PROBLEM DESCRIPTION
For this exercise, reproduce the entries below exactly, but only from the line containing "LUND //// X---v ////" through the line containing "A faster way", both included.

ENTRIES SHOWN

#####

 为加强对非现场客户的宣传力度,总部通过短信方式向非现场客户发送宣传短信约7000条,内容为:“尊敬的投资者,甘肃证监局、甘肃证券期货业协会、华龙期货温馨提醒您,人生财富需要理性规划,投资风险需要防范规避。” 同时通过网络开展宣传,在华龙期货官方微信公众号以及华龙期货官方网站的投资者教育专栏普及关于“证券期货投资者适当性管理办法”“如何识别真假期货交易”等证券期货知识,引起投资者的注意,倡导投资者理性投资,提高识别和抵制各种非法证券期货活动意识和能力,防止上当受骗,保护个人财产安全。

#####

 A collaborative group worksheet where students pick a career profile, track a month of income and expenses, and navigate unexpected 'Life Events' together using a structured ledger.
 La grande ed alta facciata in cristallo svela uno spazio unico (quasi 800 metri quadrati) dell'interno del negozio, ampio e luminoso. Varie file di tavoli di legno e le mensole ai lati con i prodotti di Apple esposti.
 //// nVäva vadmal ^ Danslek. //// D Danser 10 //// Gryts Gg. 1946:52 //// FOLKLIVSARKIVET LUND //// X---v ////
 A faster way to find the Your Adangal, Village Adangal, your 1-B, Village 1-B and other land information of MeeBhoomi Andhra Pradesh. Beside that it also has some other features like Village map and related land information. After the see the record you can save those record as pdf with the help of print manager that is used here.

#####

EXERCISE RESPONSE
 //// nVäva vadmal ^ Danslek. //// D Danser 10 //// Gryts Gg. 1946:52 //// FOLKLIVSARKIVET LUND //// X---v ////
 A faster way to find the Your Adangal, Village Adangal, your 1-B, Village 1-B and other land information of MeeBhoomi Andhra Pradesh. Beside that it also has some other features like Village map and related land information. After the see the record you can save those record as pdf with the help of print manager that is used here.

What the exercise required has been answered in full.